▶ Given information
• • •

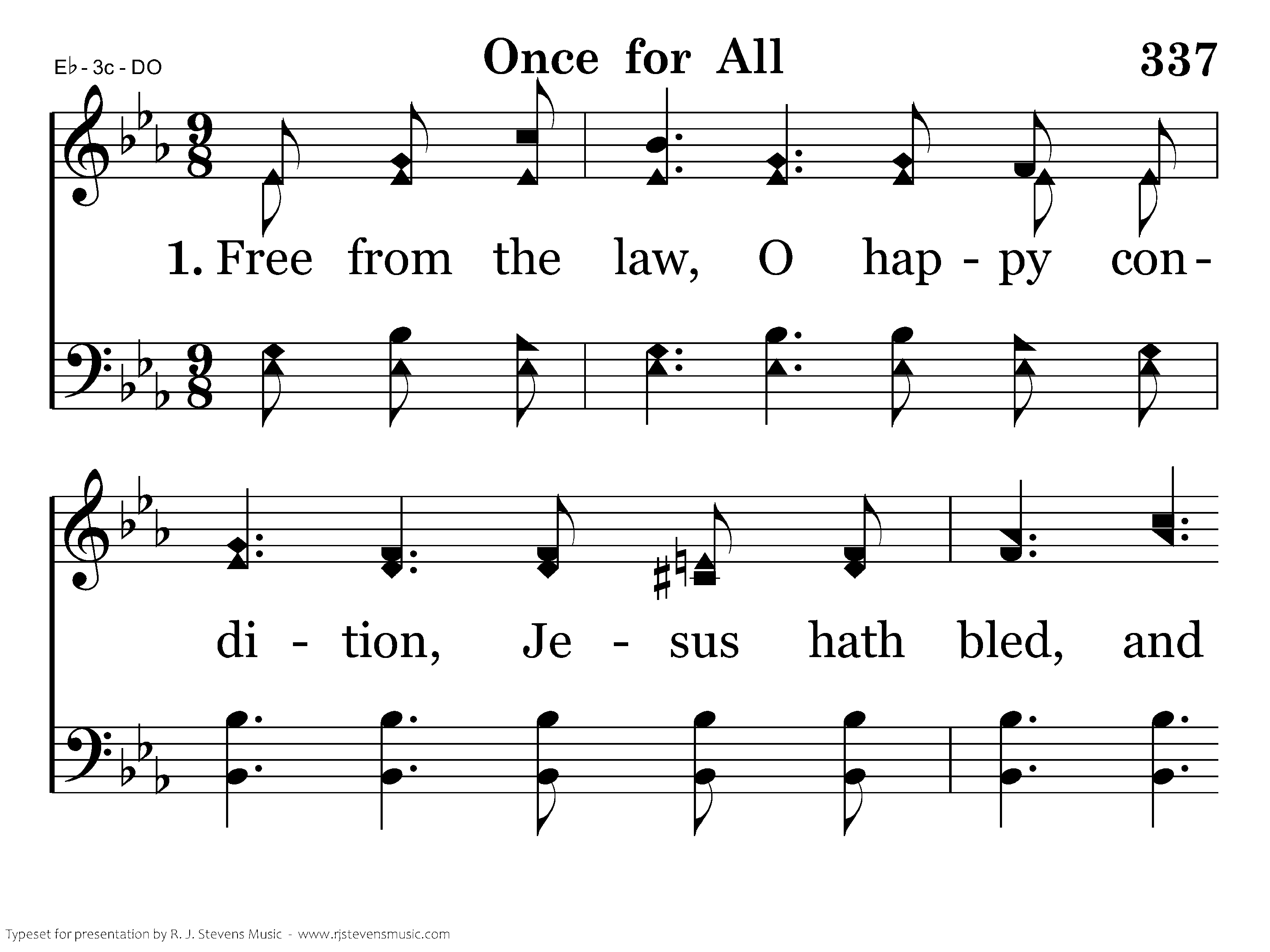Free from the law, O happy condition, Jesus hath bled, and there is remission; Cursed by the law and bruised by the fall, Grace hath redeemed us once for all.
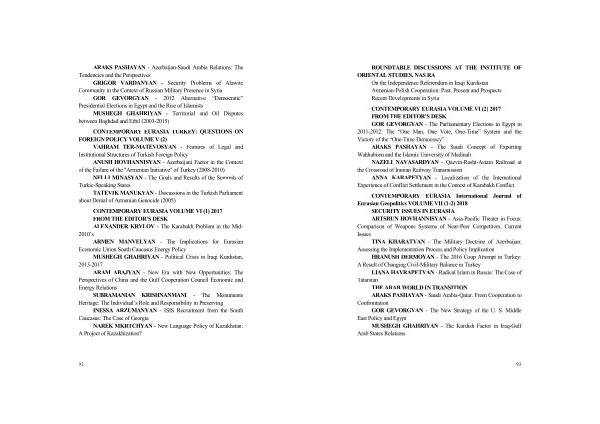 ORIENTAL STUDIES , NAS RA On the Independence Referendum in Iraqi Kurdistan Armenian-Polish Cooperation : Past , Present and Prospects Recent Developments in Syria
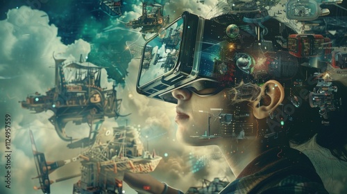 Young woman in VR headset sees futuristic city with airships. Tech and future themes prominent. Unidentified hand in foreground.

• • •

▶ Your objective
Copy out all the data without changing anything, and drop the pictures.

▶ Answer area
Free from the law, O happy condition, Jesus hath bled, and there is remission; Cursed by the law and bruised by the fall, Grace hath redeemed us once for all.
 ORIENTAL STUDIES , NAS RA On the Independence Referendum in Iraqi Kurdistan Armenian-Polish Cooperation : Past , Present and Prospects Recent Developments in Syria
 Young woman in VR headset sees futuristic city with airships. Tech and future themes prominent. Unidentified hand in foreground.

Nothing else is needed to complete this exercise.